Positional 13C Enrichment Analysis of Aspartate by GC-MS to Determine PEPC Activity In Vivo

Abstract

Abstract Photoautotrophic organisms fix inorganic carbon (Ci) by two enzymes, ribulose-1,5-bisphosphate carboxylase/oxygenase (RUBISCO) and phosphoenolpyruvate carboxylase (PEPC). RUBISCO assimilates Ci (CO2) into the 1-C position of 3-phosphoglycerate (3PGA). The Calvin-Benson-Basham (CBB) cycle redistributes fixed carbon atoms into 2,3-C 2 of the same molecule. PEPC uses phosphoenolpyruvate (PEP) derived from 3PGA and assimilates Ci (HCO 3- ) into 4-C of oxaloacetate (OAA). 1,2,3-C 3 of OAA and of its transaminase product aspartate originate directly from 1,2,3-C 3 of 3PGA. Positional isotopologue analysis of aspartate, the main downstream metabolite of OAA in the model cyanobacterium Synechocystis sp.
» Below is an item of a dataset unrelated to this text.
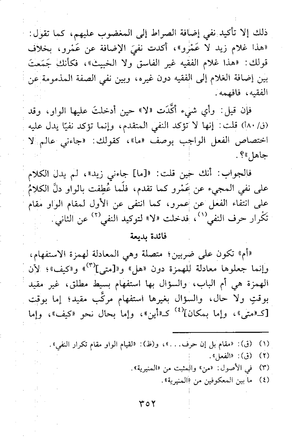 أم تكون على ضربين متصلة وهي المعادلة لهمزة الإستفهام وإنما جعلوها معادلة للهمزة دون هل ومتى وكيف لأن الهمزة هي أم الباب والسؤال بها استفهام بسيط مطلق غير مقيد بوقت ولا حال والسؤال بغيرها استفهام مركب مقيد إما بوقت ك متى وإما بمكان ك أين وإما بحال نحو كيف وإما @
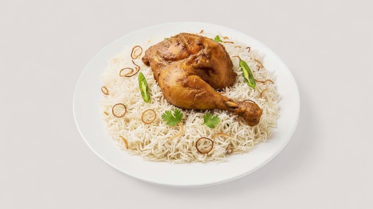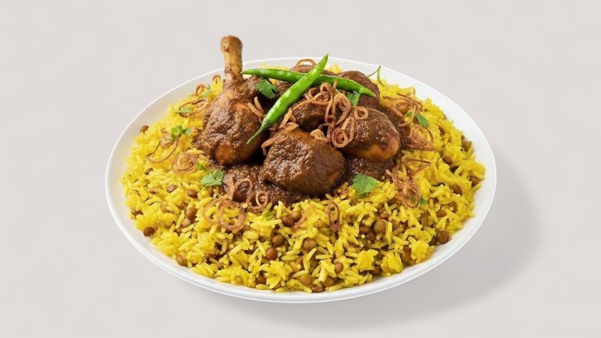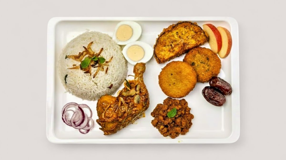 Et komplet Iftar-måltid med duftende ris, krydret kyllingelår, kogt æg, sprøde snacks, beguni, chola, frisk salat, æbleskiver og søde dadler. Perfekt afbalanceret, frisk tilberedt og lavet til at bryde din faste med tilfredshed.

PCC 6803 ( Synechocystis ), allows differentiation between PEPC, RUBISCO, and CBB cycle activities within one molecule. We explored in source fragmentation of gas chromatography-electron impact ionization-mass spectrometry (GC-EI-MS) at nominal mass resolution and GC-atmospheric pressure chemical ionization-MS (GC-APCI-MS) at high mass resolution. This enabled the determination of fractional 13 C enrichment (E 13 C) at each carbon position of aspartate. Two prevailing GC-MS derivatization methods, i.e. trimethylsilylation and tert-butyldimethylsilylation, were evaluated. The method was validated by 13 C-isotopomer mixtures of positional labeled aspartic acid. Combination with dynamic 13 CO 2 labeling of Synechocystis cultures allowed direct measurements of PEPC activity in vivo alongside analyses of RUBISCO and CBB cycle activities. Accurate quantification of aspartate concentration and positional E 13 C provided molar Ci assimilation rates during the day and night phases of photoautotrophic Synechocystis cultures. The validated method offers several applications to characterize the photosynthetic Ci fixation in different organisms.